* Action item
For this listing, reproduce the line with "Салфетка имеет прямоугольную", the line with "Do dyspozycji naszych", and the lines between, exactly as they stand. Leave out pictures and all other lines.
------ Dataset records ------
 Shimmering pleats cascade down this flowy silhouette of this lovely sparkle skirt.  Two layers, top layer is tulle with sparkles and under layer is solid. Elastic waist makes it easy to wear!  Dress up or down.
------
------ Dataset records ------
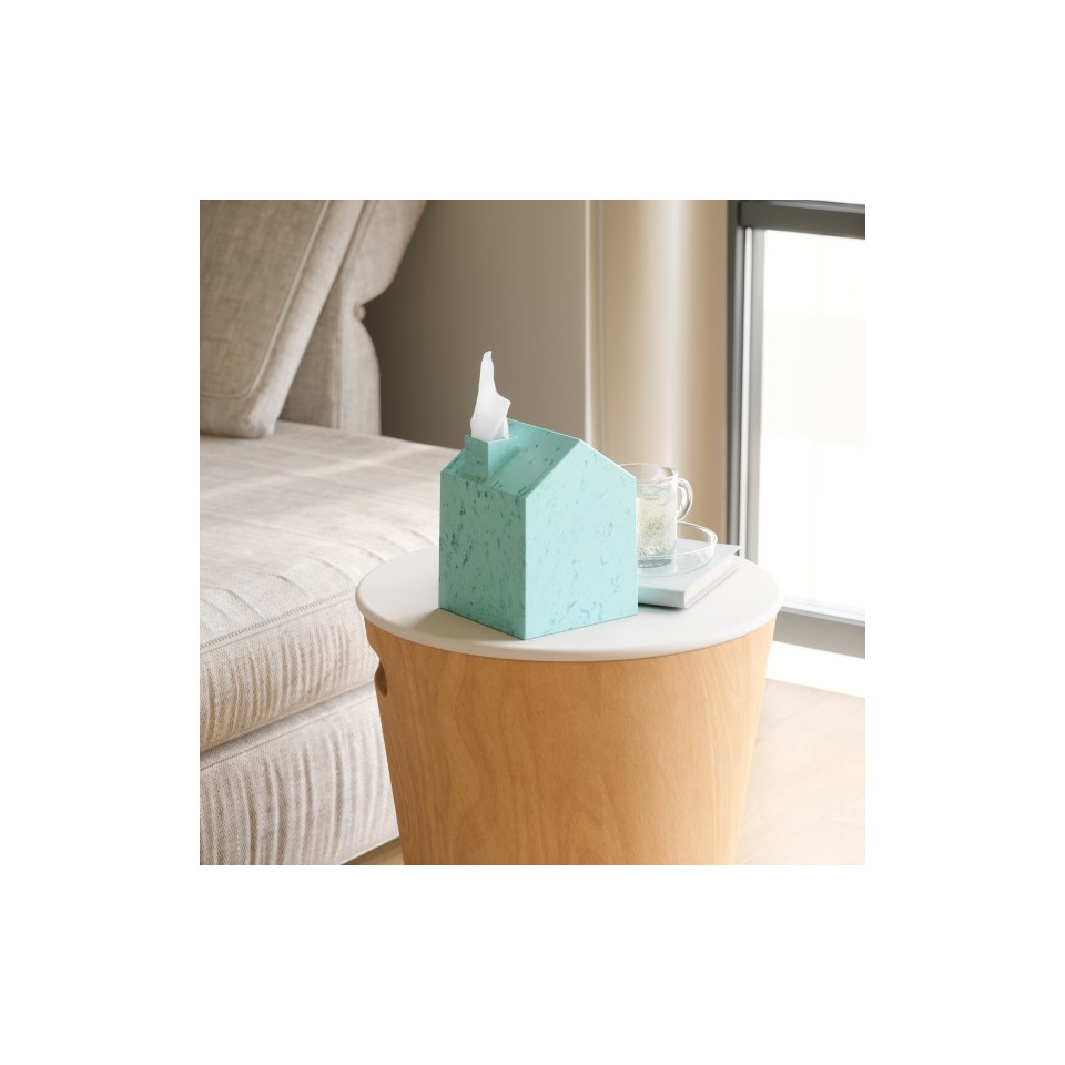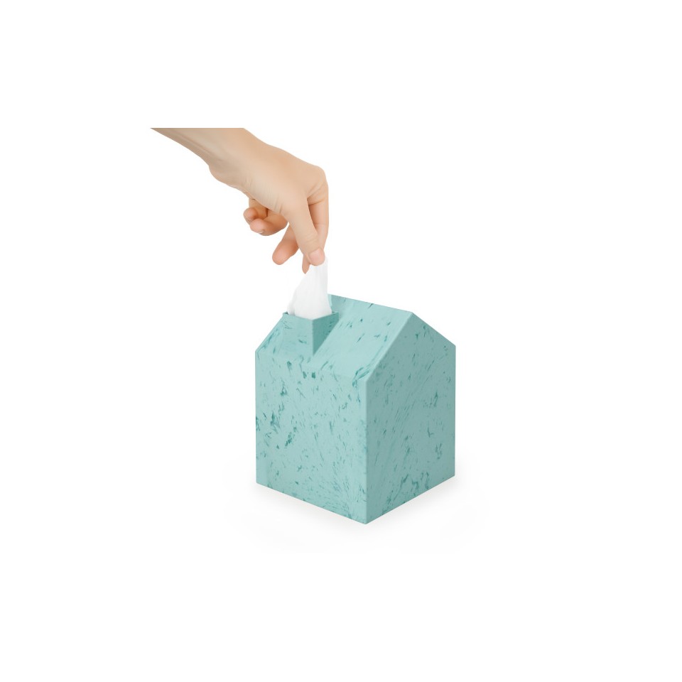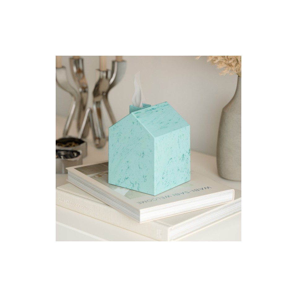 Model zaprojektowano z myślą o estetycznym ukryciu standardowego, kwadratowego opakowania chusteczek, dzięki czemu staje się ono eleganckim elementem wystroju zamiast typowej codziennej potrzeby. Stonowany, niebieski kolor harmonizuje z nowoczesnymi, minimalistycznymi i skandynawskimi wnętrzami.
------
------ Dataset records ------
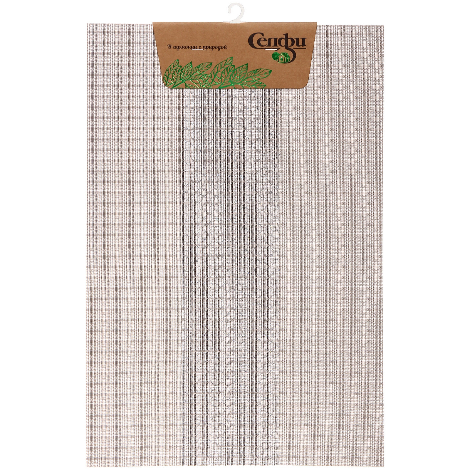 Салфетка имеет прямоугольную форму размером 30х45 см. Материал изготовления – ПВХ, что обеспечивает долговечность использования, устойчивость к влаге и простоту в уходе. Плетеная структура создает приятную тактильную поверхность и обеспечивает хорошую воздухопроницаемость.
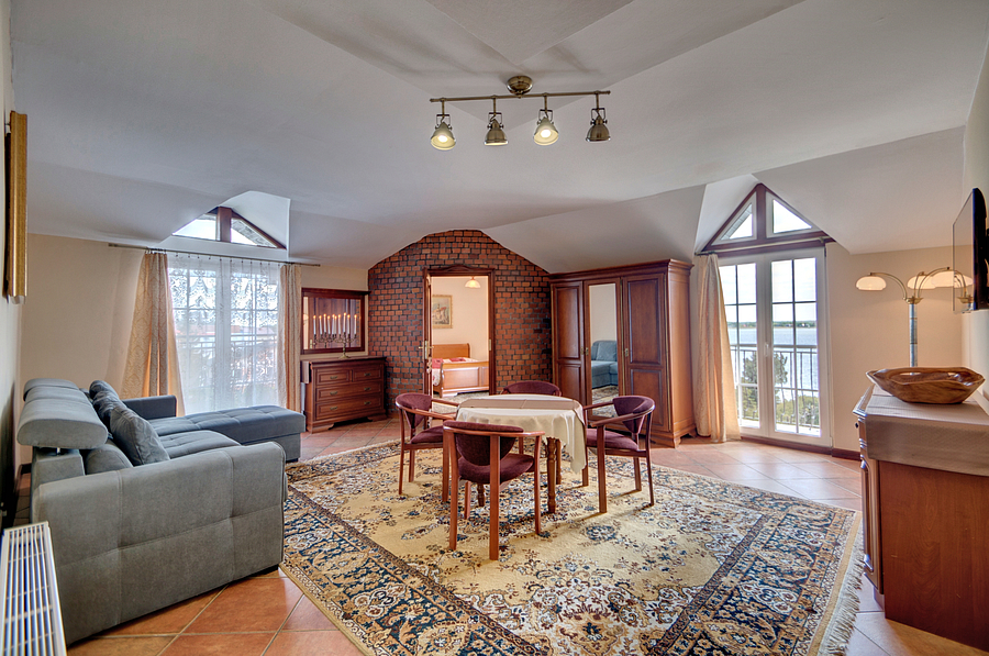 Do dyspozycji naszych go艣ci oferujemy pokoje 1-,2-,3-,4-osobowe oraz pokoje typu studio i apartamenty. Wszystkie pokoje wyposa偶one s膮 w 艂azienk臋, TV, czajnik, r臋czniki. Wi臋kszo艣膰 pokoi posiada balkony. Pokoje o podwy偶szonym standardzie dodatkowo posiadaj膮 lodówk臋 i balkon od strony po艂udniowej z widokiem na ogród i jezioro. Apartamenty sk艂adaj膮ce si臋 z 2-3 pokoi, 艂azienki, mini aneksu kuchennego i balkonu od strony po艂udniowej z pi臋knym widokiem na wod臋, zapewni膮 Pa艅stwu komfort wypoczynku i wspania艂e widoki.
------
* Output for this task
 Салфетка имеет прямоугольную форму размером 30х45 см. Материал изготовления – ПВХ, что обеспечивает долговечность использования, устойчивость к влаге и простоту в уходе. Плетеная структура создает приятную тактильную поверхность и обеспечивает хорошую воздухопроницаемость.
 Do dyspozycji naszych go艣ci oferujemy pokoje 1-,2-,3-,4-osobowe oraz pokoje typu studio i apartamenty. Wszystkie pokoje wyposa偶one s膮 w 艂azienk臋, TV, czajnik, r臋czniki. Wi臋kszo艣膰 pokoi posiada balkony. Pokoje o podwy偶szonym standardzie dodatkowo posiadaj膮 lodówk臋 i balkon od strony po艂udniowej z widokiem na ogród i jezioro. Apartamenty sk艂adaj膮ce si臋 z 2-3 pokoi, 艂azienki, mini aneksu kuchennego i balkonu od strony po艂udniowej z pi臋knym widokiem na wod臋, zapewni膮 Pa艅stwu komfort wypoczynku i wspania艂e widoki.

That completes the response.